-- THE DATA follows --

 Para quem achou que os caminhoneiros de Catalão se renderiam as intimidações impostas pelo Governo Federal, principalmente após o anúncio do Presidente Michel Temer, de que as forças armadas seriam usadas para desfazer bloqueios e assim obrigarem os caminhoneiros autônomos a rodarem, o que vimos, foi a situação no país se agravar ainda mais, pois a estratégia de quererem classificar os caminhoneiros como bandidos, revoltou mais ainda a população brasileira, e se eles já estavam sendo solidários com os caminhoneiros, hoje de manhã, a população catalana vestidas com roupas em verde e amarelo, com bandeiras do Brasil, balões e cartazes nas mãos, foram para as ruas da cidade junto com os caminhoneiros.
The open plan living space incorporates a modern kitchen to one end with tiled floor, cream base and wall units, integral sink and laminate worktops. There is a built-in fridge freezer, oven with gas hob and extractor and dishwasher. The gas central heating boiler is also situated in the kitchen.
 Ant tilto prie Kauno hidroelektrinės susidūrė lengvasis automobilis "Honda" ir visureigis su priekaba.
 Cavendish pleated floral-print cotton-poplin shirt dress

-- THE DATA concluded --
-- THE DATA follows --

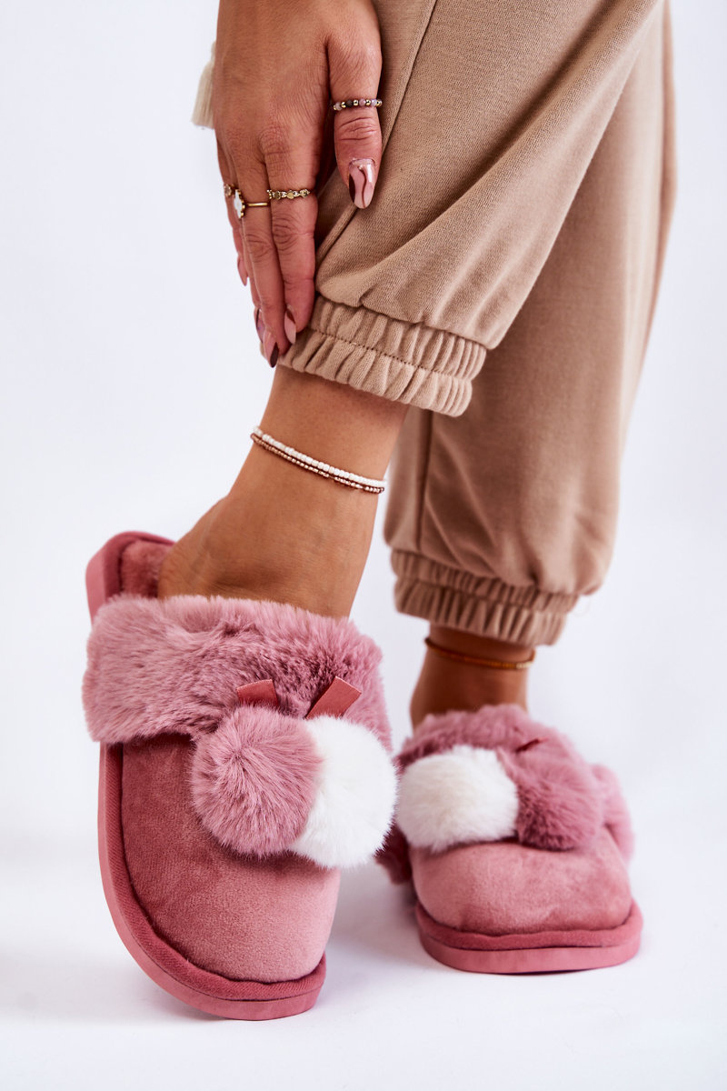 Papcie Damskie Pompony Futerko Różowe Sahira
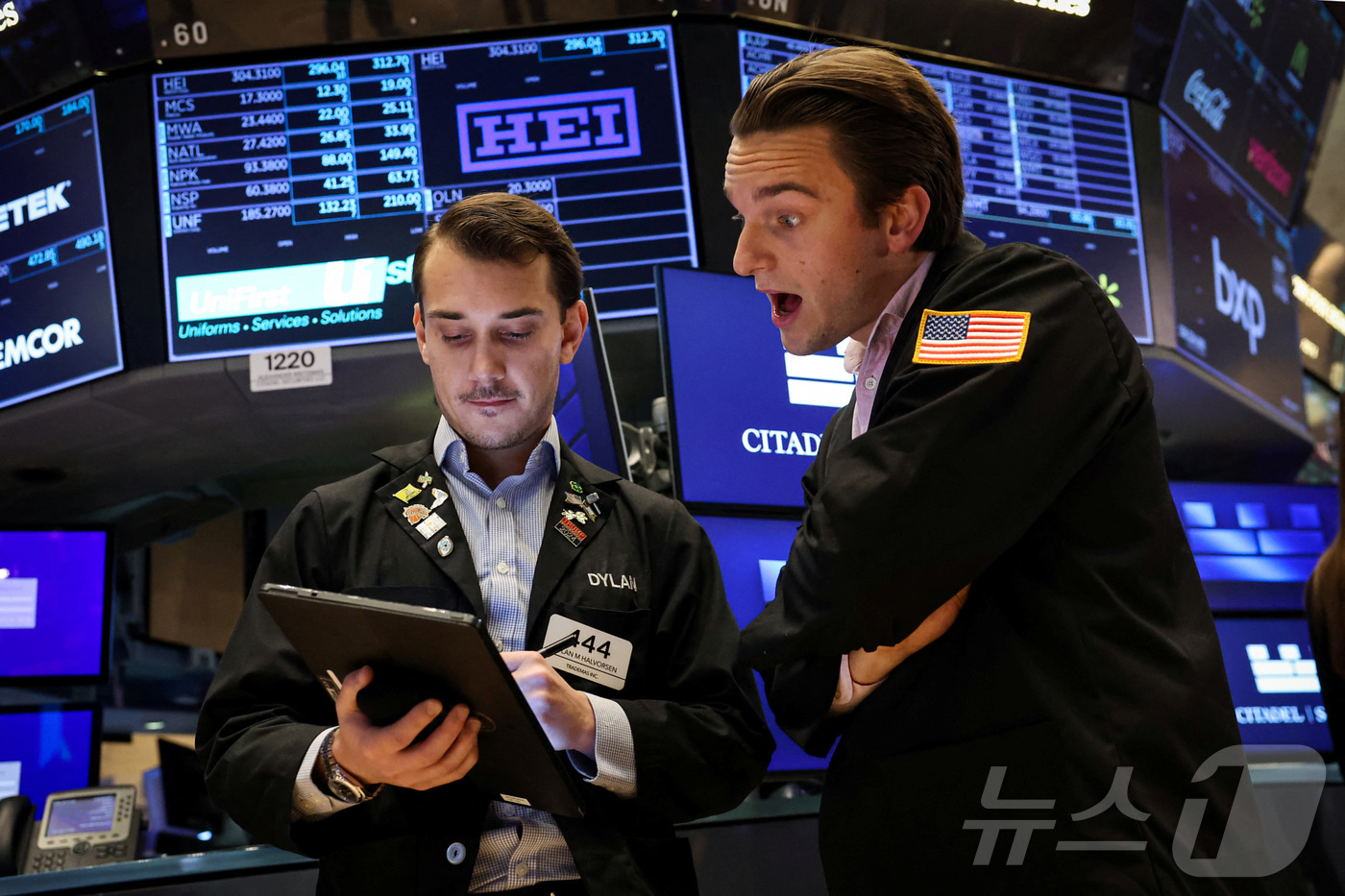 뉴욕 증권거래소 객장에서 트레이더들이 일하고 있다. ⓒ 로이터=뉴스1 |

-- THE DATA concluded --

▶ _THE PROBLEM_: Give back, unchanged, the run of lines in the listing above that begins at the line containing "The open plan" and ends at the line containing "Cavendish pleated floral-print", both included.

▶ _RESPONSE_:
The open plan living space incorporates a modern kitchen to one end with tiled floor, cream base and wall units, integral sink and laminate worktops. There is a built-in fridge freezer, oven with gas hob and extractor and dishwasher. The gas central heating boiler is also situated in the kitchen.
 Ant tilto prie Kauno hidroelektrinės susidūrė lengvasis automobilis "Honda" ir visureigis su priekaba.
 Cavendish pleated floral-print cotton-poplin shirt dress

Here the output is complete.